SCOTTISH Labour's bid to hold on to its Westminster contingent is being hampered amid claims that too much of the party's energy is being used to save one Glasgow MP.

Sources have told this newspaper that the party is showing favouritism towards shadow Scotland Secretary Margaret Curran by staging high-profile events in her constituency.

Opinion polls have consistently shown that Scottish Labour, which has 40 MPs north of the border, is facing huge losses to the SNP.

Loading article content

Some predictions have Jim Murphy's party reduced to single digits, with Labour even being tipped to lose seats vacated by Gordon Brown and Alistair Darling.

The returns are particularly bad in former Labour heartlands that voted Yes in September's referendum, such as Glasgow and North Lanarkshire.

The prospect of having to defend nearly every one of its Scottish seats, rather than the traditional practice of focusing on a handful of constituencies, has triggered an internal debate in Labour about where resources should be targeted.

Party insiders believe Curran's Glasgow East seat, which she won in 2010 with a 11,840 majority, is receiving special treatment.

In February, Labour launched its Changing Scotland campaign at a venue in Glasgow's Tollcross area, which is in the heart of Curran's patch.

Days later, Brown delivered a keynote speech at Parkhead Congregational Church outlining his vision of an "economic revolution" in Scotland - a location that was again in Curran's seat.

When Shadow Chancellor Ed Balls visited Scotland earlier this month, his location was Walker Precision Engineering in Curran's constituency.

A party insider said: "Margaret is getting a terrible reception on the doorstep, and the more hostility she gets, the more resources she wants for a seat nobody thinks we are going to hold."

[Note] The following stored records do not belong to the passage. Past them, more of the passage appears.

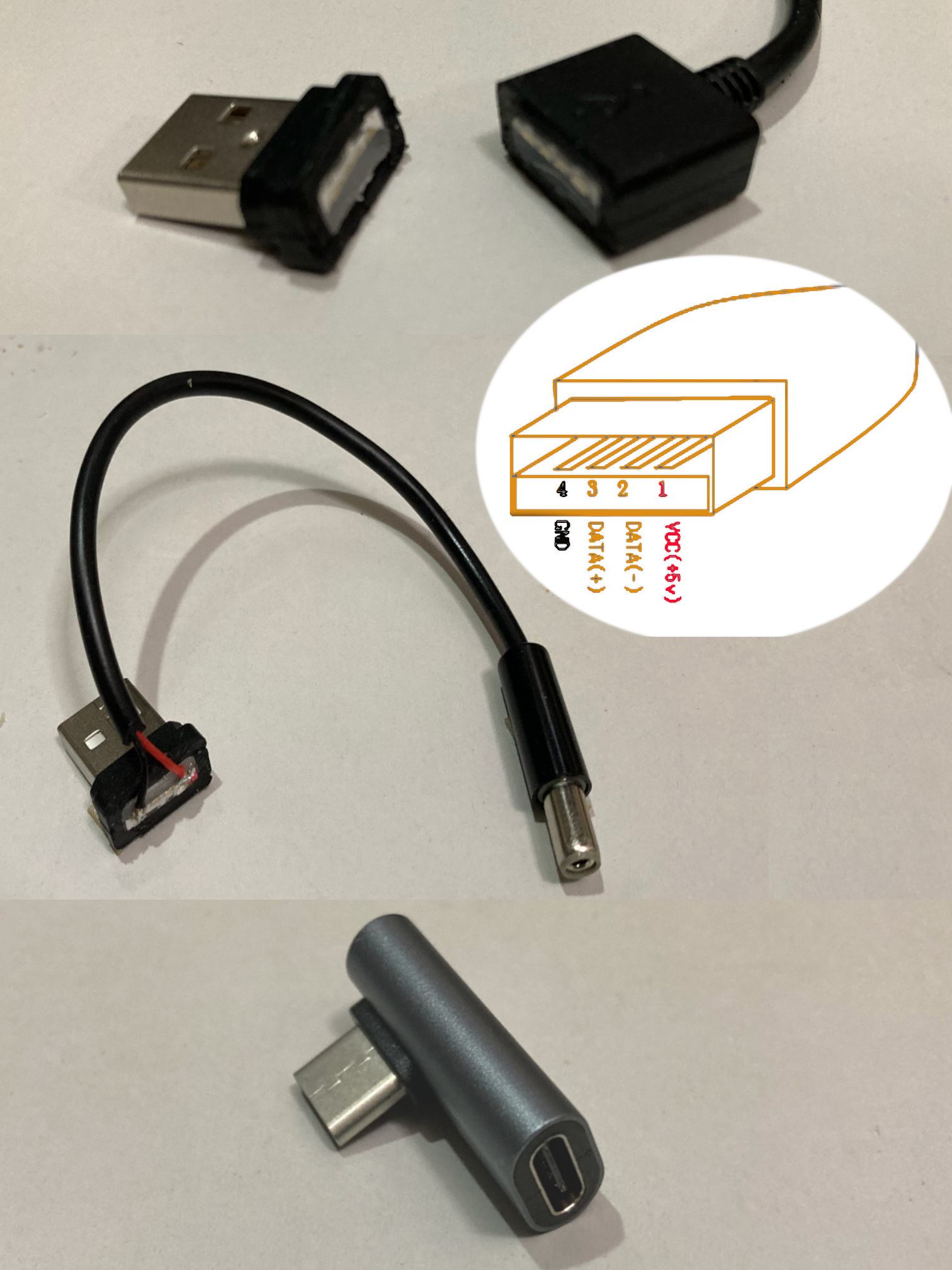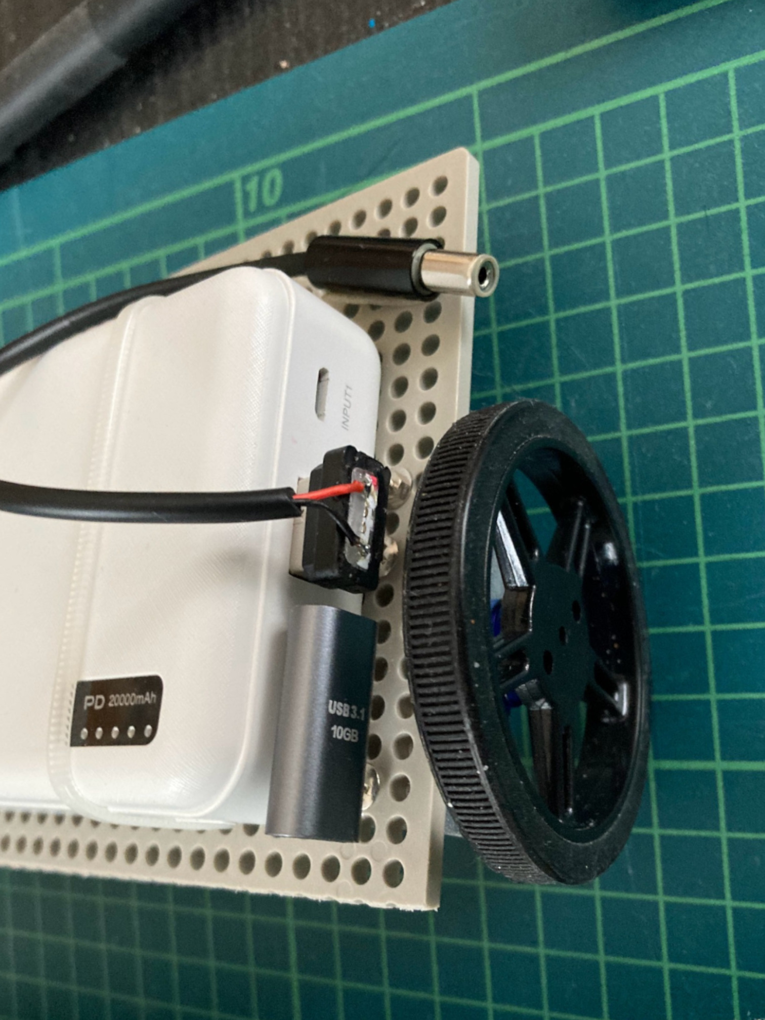 対応するために、TypeーA USBの充電専用オスケーブルを100円ショップで購入し、カット後にケーブルを半田付けしてモータ電源供給ケーブルを作成した。
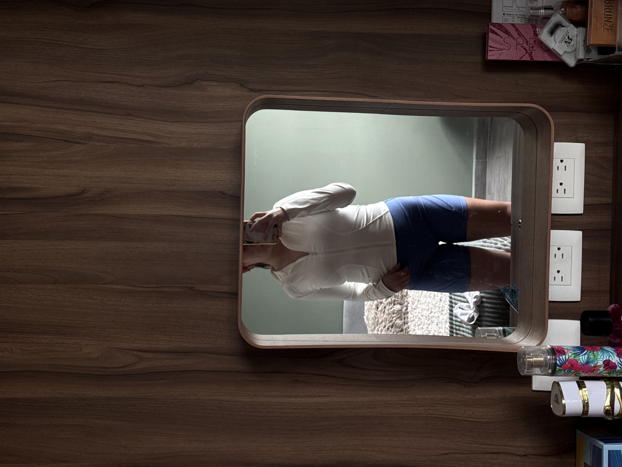 An individual is depicted taking a selfie in a rectangular mirror with rounded corners, located in San Bernardino Tlaxcalancingo, Mexico. The mirror is framed in light-colored wood and affixed to a dark brown, vertically paneled wooden wall. The individual, from the upper chest to the mid-thigh, is reflected wearing a white long-sleeved quarter-zip top and dark blue form-fitting shorts. A smartphone, light-colored, is held up to the individual's face, partially obscuring it, indicating the act of photography. Below the mirror, two white duplex electrical outlets are mounted on the wooden surface. A wooden vanity or dresser top extends from the base of the mirror. Arranged on the dresser to the left are a gold and white cylindrical object, a transparent spray bottle with a tropical floral pattern (pink, green, blue), and a small blue and white patterned box. To the right, various cosmetic items are visible, including a pink makeup palette, a clear package of false eyelashes, a small brown box labeled "BRONZE," and other assorted bottles and containers. The reflection in the mirror reveals a room with light green walls and a floor composed of light gray tiles. A section of a bed with a textured, fluffy white or light brown comforter is visible in the background, along with what appears to be a gray headboard or cushion. No other individuals are present.
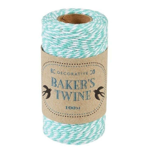 A roll of decorative baker's twine in teal and white. Perfect for arts and crafts, gift wrapping.

Another Scottish Labour source said: "Margaret has always been out for herself and Jim needs to have a word with her. It will be a blow to Labour if we lose our Scottish Secretary but we can take comfort in the knowledge that the IQ of the Westminster group will rise when Margaret goes."

However, a source close to the MP denied the claims, saying that the Brown speech had been organised in 2014 and the Balls visit has been Curran's only Shadow Cabinet event.

He said of the favouritism suggestion: "This is nonsense. We have been open about the voters we need to speak to before polling day - the 190,381 Scots who voted yes but haven't voted for the SNP. That's where our efforts are focussed.

"If people want to stop the Tories they need to vote Labour wherever they are in the country. That's how we will ensure we boot David Cameron out of Downing Street in less than nine weeks time."

Concern has also been expressed about resources disproportionately favouring the west of Scotland, where it is seen that some seats are almost certain to fall to the SNP.

Murphy, who in a recent opinion poll was only marginally ahead of the Nationalists, has said he sees the key voters living in and around Glasgow.

Natalie McGarry, Glasgow East's SNP candidate, said:

"As Labour councillors were reluctantly dragged off to Edinburgh to listen to Ed Miliband yesterday, SNP members were out in numbers listening to people in communities in Glasgow East and across Scotland.

"This may also indicate continued bad blood in Scottish Labour over the effective ousting of Johann Lamont as leader at the end of last year - but that matters little to the people who live in Glasgow East, who increasingly are turning to the SNP to deliver a strong voice for Scotland."